Endomembrane System: (pp. 20 – 22, fig. 2 – 13 & ppt. 17)
• nuclear envelope and ER (sites of biosynthesis – product enters cistern)
• transport vesicles pinch off from ER, migrate to Golgi apparatus; movement
of organelles or other materials through cytoplasm is facilitated by microtubules
(ppt. 18)
• Golgi apparatus – cis face (nuclear side) accepts transport vesicles (fusion);
biosynthesized product modified as it passes through
• secretion vesicles or lysosomes pinch off from trans face (cell membrane
side) of Golgi apparatus
Energy Metabolism – Mitochondria: (figs. 2 – 7, 2 – 14 & 2 – 15 +
selected parts of chapters 67, 68 & 69)
4.
• ATP – cell’s energy currency (p. 21, fig. 67 – 2 & ppt. 19); contains energyrich bonds
• oxidation-reduction – oxidation = loss of electrons from a substrate
(exergonic); reduction = gain of electrons by a substrate (endergonic); oxidation &
reduction must always occur together (ppt. 20)

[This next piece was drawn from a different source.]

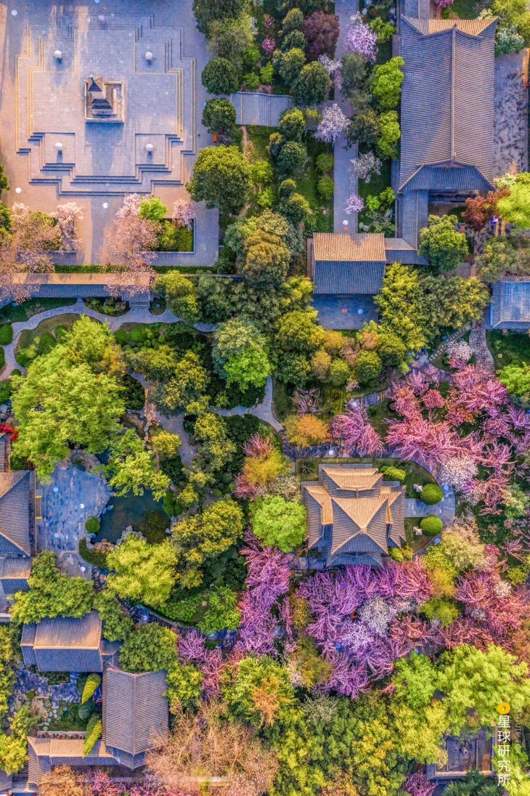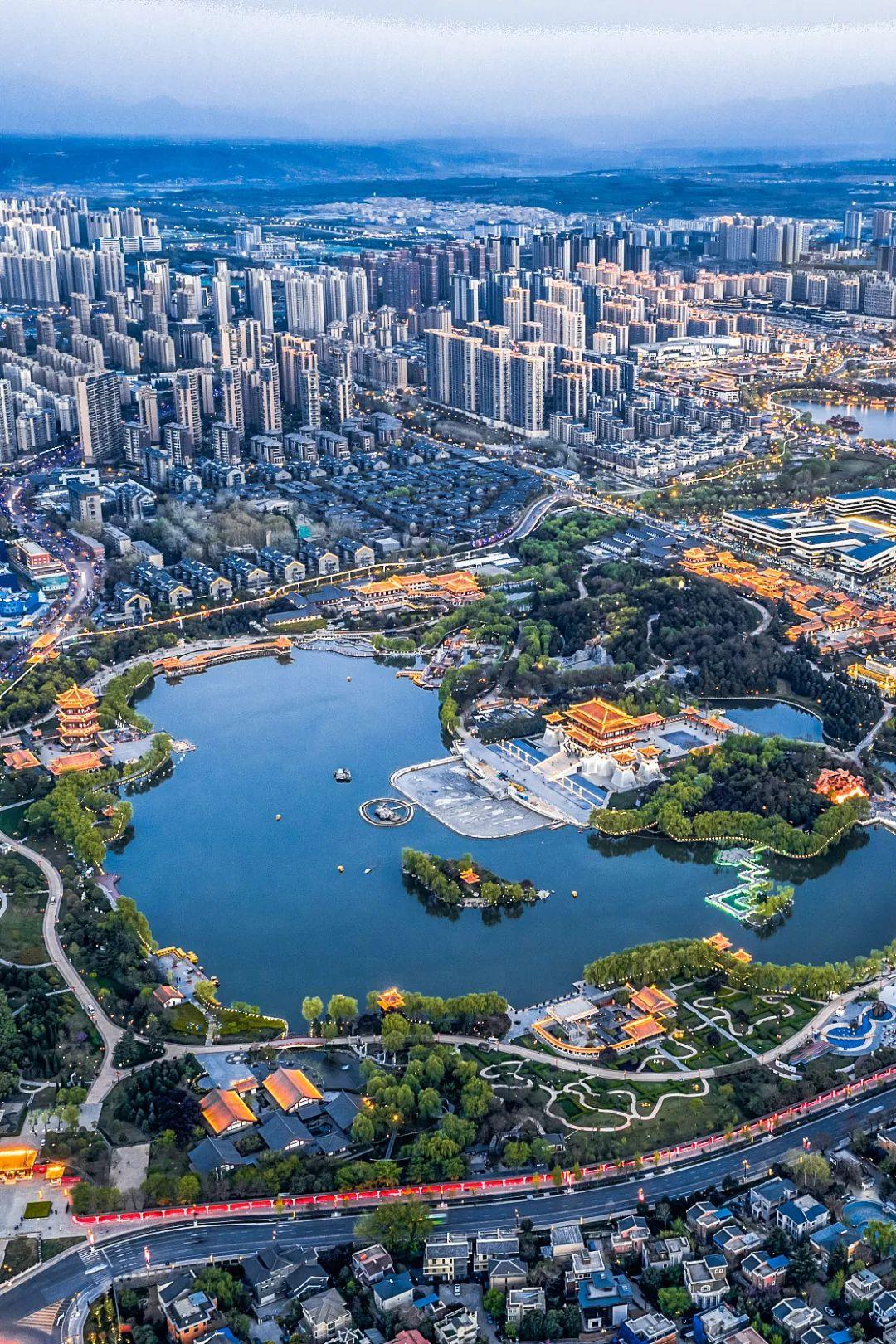 24.俯瞰深秋的兴庆宫遗址公园,摄影师@韩飞“八水”还滋养着绿树成茵的乐游原,此地东眺瀍河、南望曲江,无数居民来此春游踏青,杜甫称赞其“乐游古园翠森森”,李商隐感慨其“落日无限好”。

- energy from oxidations drives ATP synthesis via oxidative
phosphorylation
- stepwise oxidations (dehydrogenations) remove electrons with hydrogens
from a substrate; carriers of these high-energy electrons include NAD (pp. 813 – 814
& ppt. 21) or FAD
- energy from active metabolic intermediates drives ATP synthesis via
substrate level phosphorylation (ppt. 22)
PMD 604 - lec 1
- p. 4 -
- some reactions occur in the cytosol; majority occur within mitochondrion
(ppt. 23)
PMD 604 - lec 1
- p. 5 -
• glycolysis (fig. 67 – 5 & ppt. 24) – initial stepwise oxidation of glucose
(occurs in cytosol)
- two phases: energy investment phase – uses 2 ATP to activate glucose
- energy payoff phase – 6-C sugar split into two 3-C molecules, oxidized (2
reduced NAD formed), 4 ATP formed (net gain of 2), ends with 2 pyruvic acids
- aerobic vs. anaerobic pathways (ppt. 25) – with oxygen present (aerobic
condition), pyruvic acid is converted to acetyl CoA (in mitochondrion) to enter Krebs
cycle; in absence of oxygen (anaerobic pathway), need to restore NAD (oxidized) is
fulfilled by reduction of pyruvic acid to lactic acid
• Krebs cycle (fig. 67 – 6 & ppt. 26) – within mitochondrion, 2 acetyl CoAs (2C molecule) are formed by oxidation (2 reduced NADs formed) and removal of 2
carbon dioxides from 2 pyruvic acids; acetyl CoA is donor to Krebs cycle
- each acetyl CoA combines with a 4-C acceptor acid to form a 6-C acid
(citric acid); 6-C acid progresses through two dehydrogenations (2 reduced NADs
formed) and two decarboxylations (CO2 removal) to form an energy-rich 4-C acid
(succinyl CoA), which provides energy for ATP synthesis; resulting 4-C acid
progresses through two further dehydrogenations (reduced NAD & reduced FAD
formed) to regenerate 4-C acceptor (ready to combine with another acetyl CoA)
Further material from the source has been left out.